Saturday, September 15, 2007

Nobody's going to BELIEVE the day I had...

Read all of it: it's worth it.

So, after much stalling and a number of hang-ups, I finally decided to get off my sick ass and go somewhere: el-'Alamein, the battlefield famous only for the World War II clashes between the British General Montgomery and the German (he-wasn't-a-Nazi) General Rommel. About an hour and a half away. Not bad. Lonely planet said you can hire a car to take you there from Thomas Cook (basically Avis) at Ramleh Station for about 300 pounds-- translates to about sixty bucks. Hey, it's the weekend. And along the way, says Lonely Planet, plan to drop by the Monastery of Abu Minas.

Okay. Sounds simple enough. The monastery itself was a big pilgrimage site back in the Middle Ages (fancy that!
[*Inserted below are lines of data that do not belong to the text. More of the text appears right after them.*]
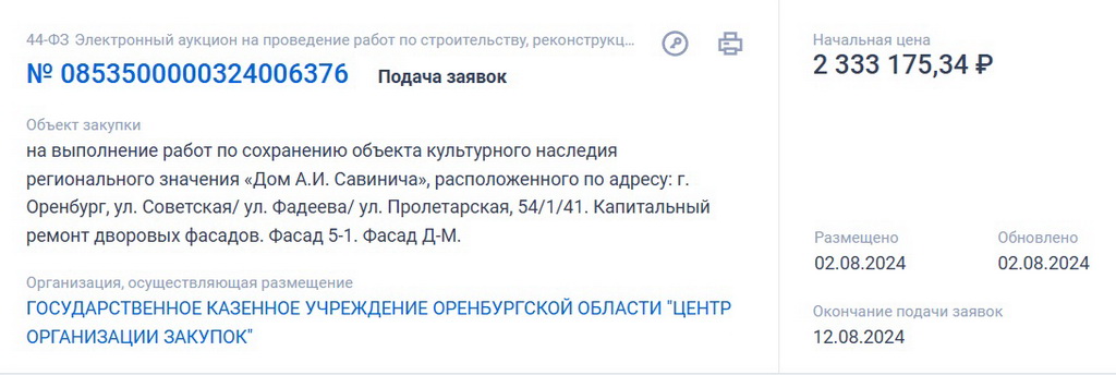 В Оренбурге планируют восстановить объект культурного наследия регионального значения за 2 миллиона 333 тысячи рублей. Речь про «Дом Аркадия Иосифовича Савинича», расположенный на улицах Советская/Фадеева/Пролетарская, 54/1/41. Большая часть элементов этого здания находится в аварийном, ограничено-работоспособном состоянии.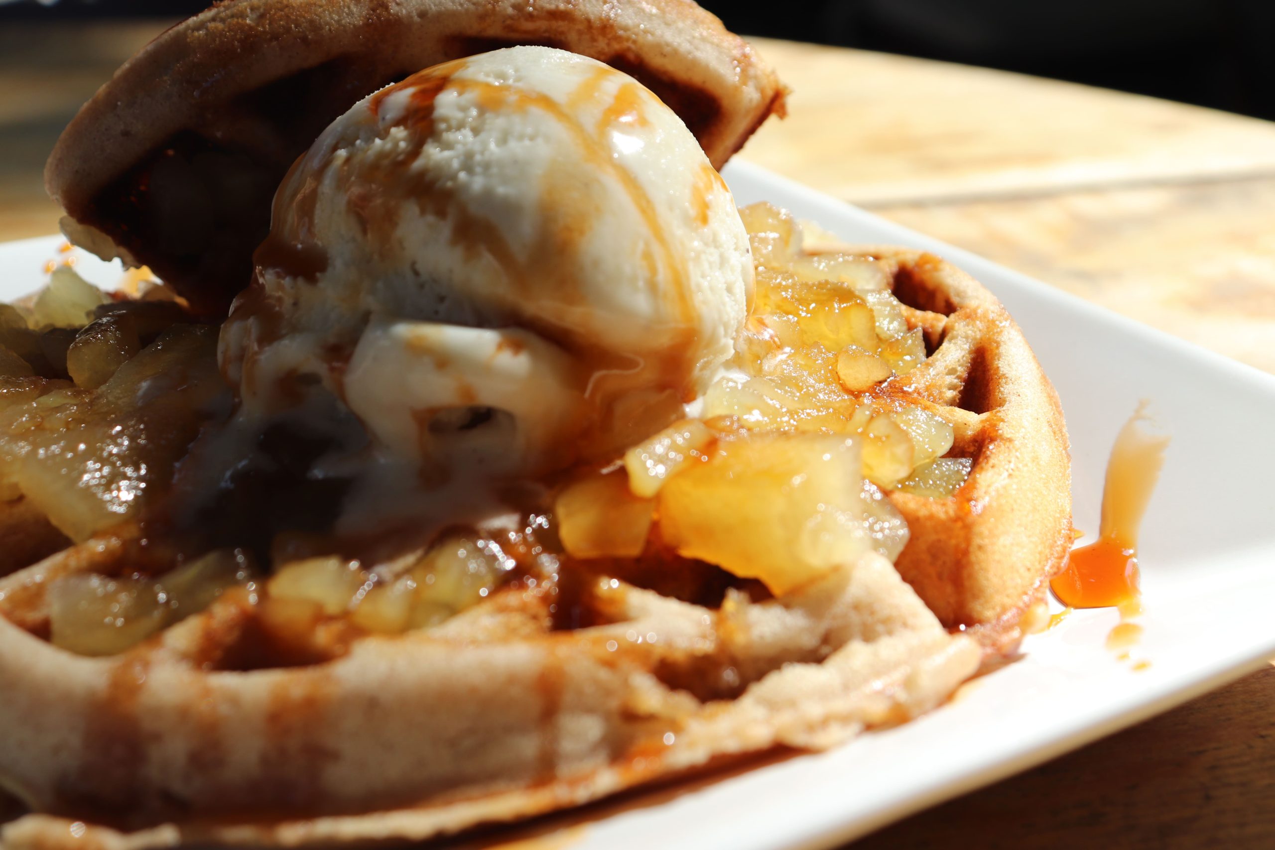 Massa crocante com um toque de canela, servido quente com doce de maçã, uma bola de gelato e calda de caramelo.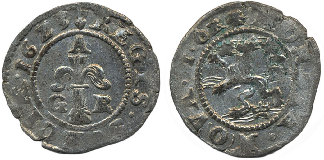 Coins, Sweden. Gustav II Adolf, SM 118, 1 öre 1623. 1.77 g. Kalmar. Lustrous and beautiful example. RR. 1+/01.

I'm a medievalist!) and became a huge trading city when the holy water there started curing people-- it's believed that after Minas was buried there (he was a Roman legionary that refused to renounce Christ and thus was martyred) gave the grounds special properties. Regardless, as most pilgrimage towns often become, it was a center for trade-- so large and rich, in fact, that it became known across the Rim of Africa as "the City of Marble"-- at least, until the wells dried up and a series of catastrophes (fire, famine, plague-- even a giant earthquake) destroyed the metropolis. For some centuries thereafter, the place was raided by local rulers (even the "civilized" Romans) for its rich supplies of alabaster and marble. Very little remains of the original church, but you can still make out the groundworks and the outline of the city and see the original altar of the basilica (which is pretty neat-- at least some peeps had reverence). However, there's a new monastery on the grounds that's quite beautiful and fully functioning. I was much bemused reading the Arabic variants of my favorite saints under their icons-- "Betrus" for Peter, and so on-- but the icons were quite striking.

I managed to wander around the olive orchards (where I wasn't supposed to) for about thirty minutes before I run into a philosophy student that kindly guided me out, and stopped to talk to an old cruciform-tattooed effendum (old guy in a galibiyya) about how to access the ruins. But my time had run out, so I walked out to the front of the monastery back to the car.

Or so I thought.

I waited for an hour-- my car didn't show. The driver (quite legitimate) wasn't there. I waited an hour. Two hours. Eventually, other Coptic students from the university began a history lesson and decided to school me on the history of the monastery, trying to convince me to see the ruins. I told them I was waiting for the car.

Eventually, I gave up. I looked around-- saw a gate and a gatekeeper at the far end of the monastery, and walked toward it. I asked the man where the ruins were: he pointed to a spot in the distant sands and said "There. Maybe half an hour by foot. Do you have a car?" I shook my head. "Then God be with you," he said, and he laughed. I wasn't sure how it interpret that.

I shook his hand and walked. Into the desert. The rusty, massive door slammed behind me.

The entire time I was telling myself that this was a bad idea. Probably was. Passed old, burned-out buildings, something resembling a muddy stream, and a mound of impassable reeds. Reads gave way to rocks. Rocks to bricks. And suddenly I was there. Marble blocks on marble blocks, felled columns likew neglected tree trunks. And in the midst of the chaos of what looked like a storm's aftermath, there was the sane gridwork of a Latinized city-- and the half-moon cruciform rooms of basilicas in places. There was a market and a bath and a baptistry, and there it was: I was crawling on top of it, able to tell what it all was from sight, only to confirm it later with a guide and a map. There were capitals-- marble tops of palm trees that had been left in the sand and the sapphire sky. It was incredible.

Eventually, all this reverie was interrupted by Amir, one of the local guides employed by the monastery to show people around, who managed to point out the finer details (the original site of the saint's grave, the wells, the old altar), and bring me back to the comfort of a very cool tent. And who should be waiting there? The history students I had discussed the monastery with earlier.

And thus came my favorite Egypt moment thus far: we played chess for while sipping the sweetest, coldest water I've ever tasted. And bantered each other's chess game.

Let's put it all together: I played chess with history students in an abandoned monastery in the middle of the North African desert after being abandoned by my hired car and driver.

But that's not all.

I walked back to the sound of the monastery bells tolling-- when the gatekeeper informed me that today was the visit from the Coptic Pope-- Shenuda. So: I managed to also see the Coptic Pope.

Eventually, I hitched a ride back from a minibus to Misr station and was greeted by Marym and Markous's smiling parents who had cooked a magnificent meal in out digs. Sand still in my hair, skin sun-kissed, I ate and laughed and told my story.

It was a good day.

(And I still haven't managed to get out to el-'Alamein).